October 30th, 2015 · No Comments · Sports Journalism

The Grantland sports/pop culture website, inspired and formerly led by Bill Simmons, was shut down today by ESPN.

Here is the ESPN media release on it.

Some media reports suggested the site lost gobs of money, which is easy to believe given the number and competence of its many contributors, which could not have been inexpensive, against any obvious advertising — as well as the lack of a paywall.

From that perspective, having learned the hard way about corporate entities and their need to burnish the bottom line, ESPN pulling the plug seems like no surprise.

But I will miss the site, for several reasons.

How do I know?

–I went looking for it tonight and then remembered, “Oh, yeah, it’s gone.” Meaning that the site had become something I had looked at reflexively. I can’t say that for many sites, particularly sports sites. (ESPN itself is pretty much only for scores and boxscores.)

–It was one of the few sites, in an era of 20-photo galleries and sensational nothingness meant to draw clicks but not actually inform, that allowed its writers to carry on at length. “Long-form” journalism we call it, and I have never had a problem with 10,000 words; if it’s good enough, I will stay with a writer for that long.

–I probably got a significant fraction of my pop-culture news and views, particularly in regard to movies and TV, from the site.
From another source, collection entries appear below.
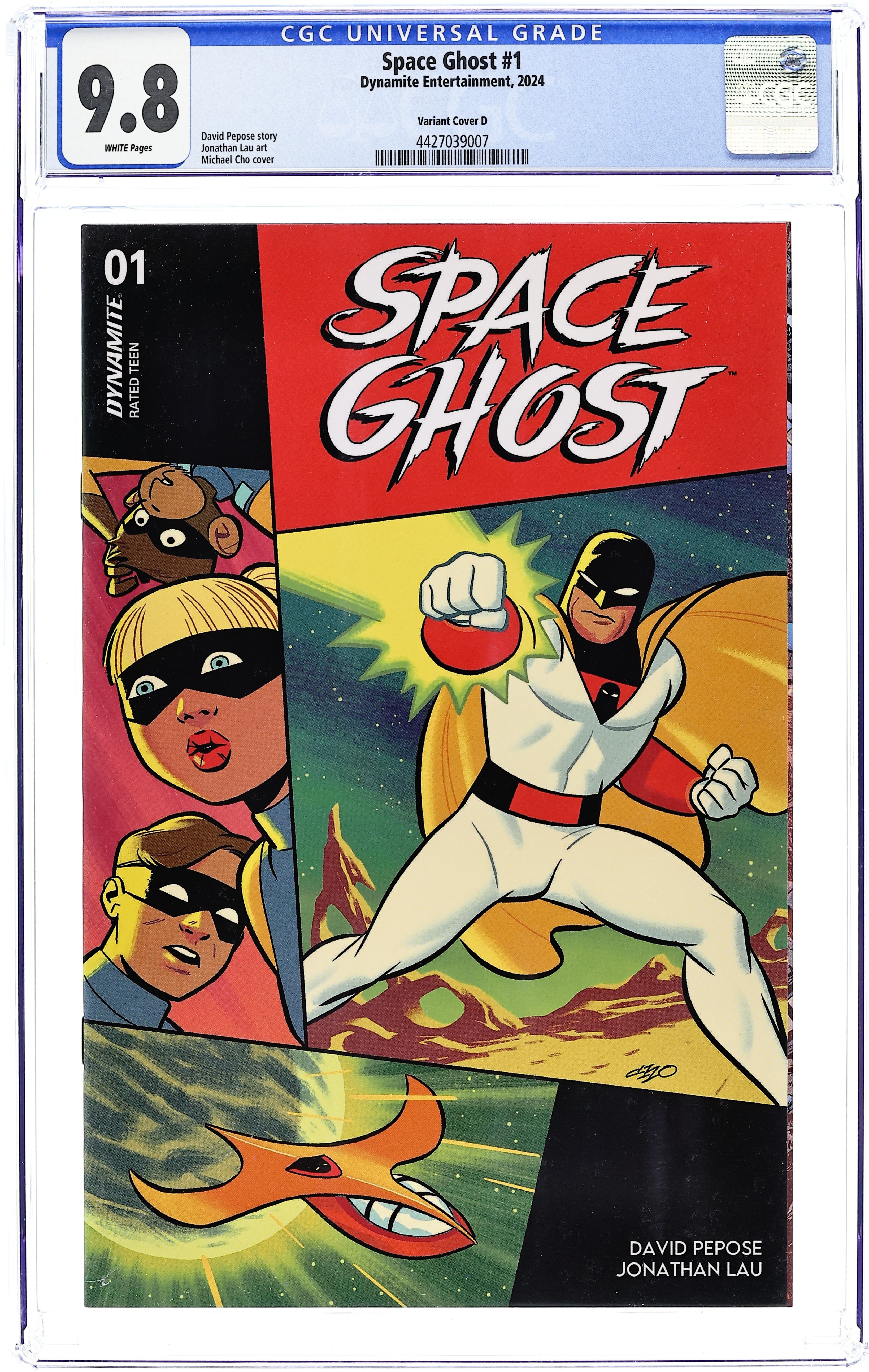 Written by David Pepose. Art by Jonathan Lau. Cover by Michael Cho. Greed and corruption flourish in the darkness between stars. With the territories of the Galactic Federation spread far and wide across the vastness of space, pirates and hijackers ransack the distant colonies with cruel disregard for the innocent scientists living within them. Yet there is a cosmic vigilante who metes out justice throughout the galaxy, bringing vengeance to those prey upon the defenseless. Some say he is a policeman who has abandoned the strictures of the law. Others say he is a phantom, the sole survivor of a war-torn planet. And those who have survived his wrath claim he is more a force of nature, able to bend the very elements of Creation to decimate his enemies. They call him the SPACE GHOST - and his adventures begin here! Award-winning writer DAVID PEPOSE (Punisher) and superstar artist JONATHAN LAU (Vampirella Strikes) kick off this action-packed series with a surprise attack on Space Colony Omicron - home of the brilliant scientist Dr. Jerrod Keplar and his young children, Jan and Jace, as well as their pet monkey, Blip. With the colony's defenses overwhelmed, all seems lost - but these ruthless pirates didn't count on the wild card that is Space Ghost! 32 pages, full color. Rated T Cover price $4.99.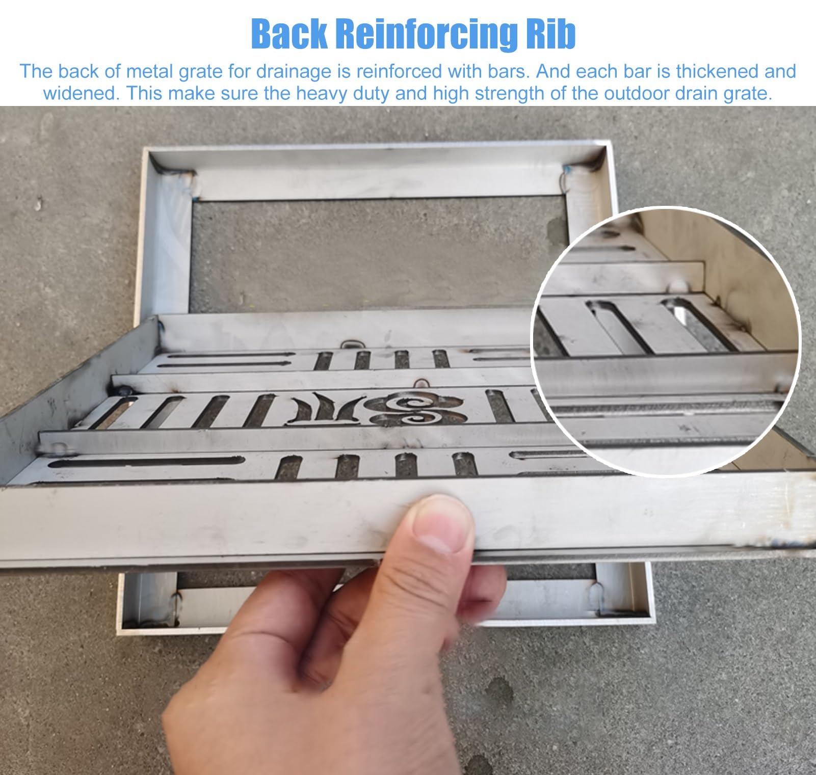 Caniveau Exterieur Caniveau de Drainage Français 3,5x3 4x4 5x3 5x5 6x4... 【 Nervure de renforcement arrière 】 L'arrière de la grille métallique pour le drainage est renforcé par des barres. Canaleta de Drenaje Canal De Drenaje para Patio De Adoquines, 17 22 Cm Grille Caniveau Nicoll Grille De Drainage Couverture De Grille De Drainage De Canal De Patio/cour/cu00f4tu00e9 De Maison/terrasse/porche, Grille De Drainage De Tranchu00e9e Robuste Avec Points Antidu00e9rapants, Plaque/s Caniveau Exterieur ☞ Surface plane pour assurer un passage rapide des fauteuils roulants. Et chaque barre est épaissie et élargie. 【 Taille personnalisable 】 La taille de notre couverture d'égout prend en charge la personnalisation, veuillez nous contacter si vous en avez besoin, nous vous fournirons des solutions satisfaisantes. 【Grille en acier inoxydable】 Ce couvercle de drain de cour est en acier inoxydable, durable, résistant aux intempéries, forte résistance à l'abrasion, pas facile à casser. L'allée de votre garage, votre patio, votre cour de maison ou votre terrasse seront-ils couverts de pluie lorsqu'il pleut abondamment ? Si oui, je pense que vous avez besoin d’un drain de tranchée capable de drainer efficacement. ☞ Couleur : Argent☞ Personnalisable : Oui☞ Hauteur : 2 cm ( 3/4)☞ Longueur x Largeur : 15 cm x 15 cm( 5 7/8 x 5 7/8), 20 cm x 20 cm( 7 7/8 x 7 7/8), 25 cm x 25 cm( 9 7/8 x 9 7/8 ), 30 cm x 30 cm ( 11 3/4 x 11 3/4 )✿ Fonctionnalité☞ Fabriqué en acier inoxydable de haute qualité, robuste et durable. ☞ Installation facile et rapide. ☞ Empêche les feuilles et les débris de boucher le drain. il est inévitable qu'il y ait de légères erreurs et différences de couleur, veuillez vous référer au produit réel. ☞ Pour la maison et le commerce. ✿ Spécification☞ Matériau : acier inoxydable.
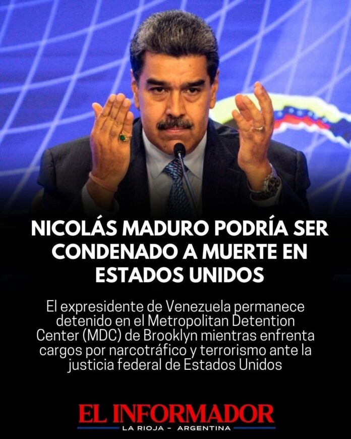 Inicio Destacadas Nicolás Maduro podría ser condenado a muerte en Estados UnidosDestacadasNicolás Maduro podría ser condenado a muerte en Estados Unidos enero 6, 2026FacebookTwitterPinterestVKWhatsApp Artículos relacionadosMás del autorLa nueva guerra en Nuevo Oriente mantiene al comercio internacional bajo un manto de incertidumbreCaputo: «El problema no es un despido, sino que nadie quiere contratar a nadie»Nahuel Gallo llegó a la Argentina y fue recibido por su esposa e hijoDEJA UNA RESPUESTA Cancelar respuestaPor favor ingrese su comentario! Por favor ingrese su nombre aquí ¡Has introducido una dirección de correo electrónico incorrecta!Por favor ingrese su dirección de correo electrónico aquí Guardar mi nombre, correo electrónico y sitio web en este navegador la próxima vez que comente.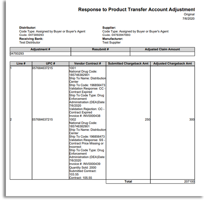 To account for this rebate, after the completion of the sale the wholesaler will send the manufacturer an EDI 844 Product Transfer Account Adjustment, in which they request a credit. The manufacturer then uses EDI 849 as a response document. They can use EDI 849 to indicate whether they are accepting or rejecting an account adjustment outright or need to make changes before accepting.

Andy Greenwald, in particular. Someone intelligent, with an informed opinion? That is a draw.

No, I did not devour everything on Grantland, and sometimes in some of its most basic categories.

Its young-ish writers covering the major pro sports dealt in absolutes revealed to them by the latest metrics, and it was hard to deal with that certainty as well as spending time to understand the metric. It was as if they didn’t believe their own eyes; they needed the numbers.

Overall, the site — even at the end, after several writers and editors had exited — was part of my daily internet routine.

Also, it was never a site that chased hits. No galleries. No calling out of other sites or writers; that was a Simmons concept, and I appreciated it.

Looking back, it will seem obvious the site was probably doomed once Simmons had his rupture with ESPN, which happened back in May. He was the centerpiece of the production, and it seemed a little less interesting with him gone — and I imagine ESPN never got past the “Bill Simmons stink” they could still detect at grantland.com.

(Which opens up the whole question of “if Simmons could stop fighting with corporate execs, would Grantland still be alive today?” Probably yes.)

Perhaps the only upside to this?

I found out that Sports on Earth is still in business. I thought it was gone but, no, they’ve just been irrelevant.

Grantland’s demise could be a boon for SoE; I looked at them today for the first time in a year, and I even opened a story or three.

But there were reasons why Grantland was a daily destination, and SoE is not, and I see no obvious substitute for what is gone.